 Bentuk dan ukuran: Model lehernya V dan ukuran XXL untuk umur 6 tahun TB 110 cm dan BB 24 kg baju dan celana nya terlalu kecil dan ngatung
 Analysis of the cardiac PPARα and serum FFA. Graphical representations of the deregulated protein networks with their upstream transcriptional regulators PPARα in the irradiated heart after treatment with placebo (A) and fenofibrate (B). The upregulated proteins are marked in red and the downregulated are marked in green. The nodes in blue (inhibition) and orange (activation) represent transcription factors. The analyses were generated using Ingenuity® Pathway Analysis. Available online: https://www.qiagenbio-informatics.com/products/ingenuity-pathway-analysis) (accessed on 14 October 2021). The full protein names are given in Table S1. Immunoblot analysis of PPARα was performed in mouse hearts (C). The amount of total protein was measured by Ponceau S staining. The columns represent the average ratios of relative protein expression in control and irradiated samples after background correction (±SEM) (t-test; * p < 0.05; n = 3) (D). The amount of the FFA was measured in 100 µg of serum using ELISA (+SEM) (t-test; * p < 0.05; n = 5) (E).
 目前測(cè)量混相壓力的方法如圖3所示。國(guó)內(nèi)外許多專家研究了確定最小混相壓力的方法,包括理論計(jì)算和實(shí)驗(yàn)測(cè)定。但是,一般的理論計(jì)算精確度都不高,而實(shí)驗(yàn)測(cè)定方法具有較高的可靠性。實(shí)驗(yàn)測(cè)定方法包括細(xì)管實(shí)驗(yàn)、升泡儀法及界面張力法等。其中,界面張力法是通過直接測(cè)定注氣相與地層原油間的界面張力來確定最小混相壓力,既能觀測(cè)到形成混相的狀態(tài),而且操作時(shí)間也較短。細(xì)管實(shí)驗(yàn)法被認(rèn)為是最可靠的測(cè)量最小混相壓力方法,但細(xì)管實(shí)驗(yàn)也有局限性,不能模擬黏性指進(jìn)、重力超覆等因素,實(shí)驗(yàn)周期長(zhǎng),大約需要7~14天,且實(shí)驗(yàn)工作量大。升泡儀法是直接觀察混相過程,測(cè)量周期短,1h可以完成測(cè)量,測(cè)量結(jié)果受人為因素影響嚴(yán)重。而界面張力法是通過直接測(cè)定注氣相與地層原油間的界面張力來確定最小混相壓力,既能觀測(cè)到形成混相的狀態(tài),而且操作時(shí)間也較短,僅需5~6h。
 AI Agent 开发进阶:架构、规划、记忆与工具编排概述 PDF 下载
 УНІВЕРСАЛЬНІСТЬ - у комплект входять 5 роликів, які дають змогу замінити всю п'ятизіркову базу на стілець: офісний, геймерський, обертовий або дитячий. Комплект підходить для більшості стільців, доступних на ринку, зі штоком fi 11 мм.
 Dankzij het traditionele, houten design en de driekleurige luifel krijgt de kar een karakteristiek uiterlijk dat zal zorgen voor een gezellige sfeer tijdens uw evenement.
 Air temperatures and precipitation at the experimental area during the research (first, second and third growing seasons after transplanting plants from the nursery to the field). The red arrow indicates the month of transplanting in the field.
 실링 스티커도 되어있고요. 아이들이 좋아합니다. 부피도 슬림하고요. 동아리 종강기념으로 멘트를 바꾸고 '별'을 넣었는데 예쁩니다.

--

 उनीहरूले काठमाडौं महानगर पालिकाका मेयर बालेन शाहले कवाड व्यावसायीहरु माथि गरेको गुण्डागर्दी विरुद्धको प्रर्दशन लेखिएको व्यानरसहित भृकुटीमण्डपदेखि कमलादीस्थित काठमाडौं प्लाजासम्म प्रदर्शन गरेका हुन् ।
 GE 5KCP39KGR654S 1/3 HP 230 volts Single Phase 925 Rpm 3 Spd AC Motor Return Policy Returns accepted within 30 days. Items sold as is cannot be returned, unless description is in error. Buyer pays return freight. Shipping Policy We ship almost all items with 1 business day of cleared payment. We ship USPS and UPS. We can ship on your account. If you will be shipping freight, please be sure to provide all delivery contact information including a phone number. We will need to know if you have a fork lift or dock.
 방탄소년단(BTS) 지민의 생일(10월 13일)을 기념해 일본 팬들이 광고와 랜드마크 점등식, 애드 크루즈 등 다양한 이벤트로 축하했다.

> Work to be completed
Retype the records above, but only those lines that fall between the line containing "उनीहरूले काठमाडौं महानगर" and the line containing "방탄소년단(BTS) 지민의 생일(10월", with both of those lines included, exactly as written.

> Answer space
 उनीहरूले काठमाडौं महानगर पालिकाका मेयर बालेन शाहले कवाड व्यावसायीहरु माथि गरेको गुण्डागर्दी विरुद्धको प्रर्दशन लेखिएको व्यानरसहित भृकुटीमण्डपदेखि कमलादीस्थित काठमाडौं प्लाजासम्म प्रदर्शन गरेका हुन् ।
 GE 5KCP39KGR654S 1/3 HP 230 volts Single Phase 925 Rpm 3 Spd AC Motor Return Policy Returns accepted within 30 days. Items sold as is cannot be returned, unless description is in error. Buyer pays return freight. Shipping Policy We ship almost all items with 1 business day of cleared payment. We ship USPS and UPS. We can ship on your account. If you will be shipping freight, please be sure to provide all delivery contact information including a phone number. We will need to know if you have a fork lift or dock.
 방탄소년단(BTS) 지민의 생일(10월 13일)을 기념해 일본 팬들이 광고와 랜드마크 점등식, 애드 크루즈 등 다양한 이벤트로 축하했다.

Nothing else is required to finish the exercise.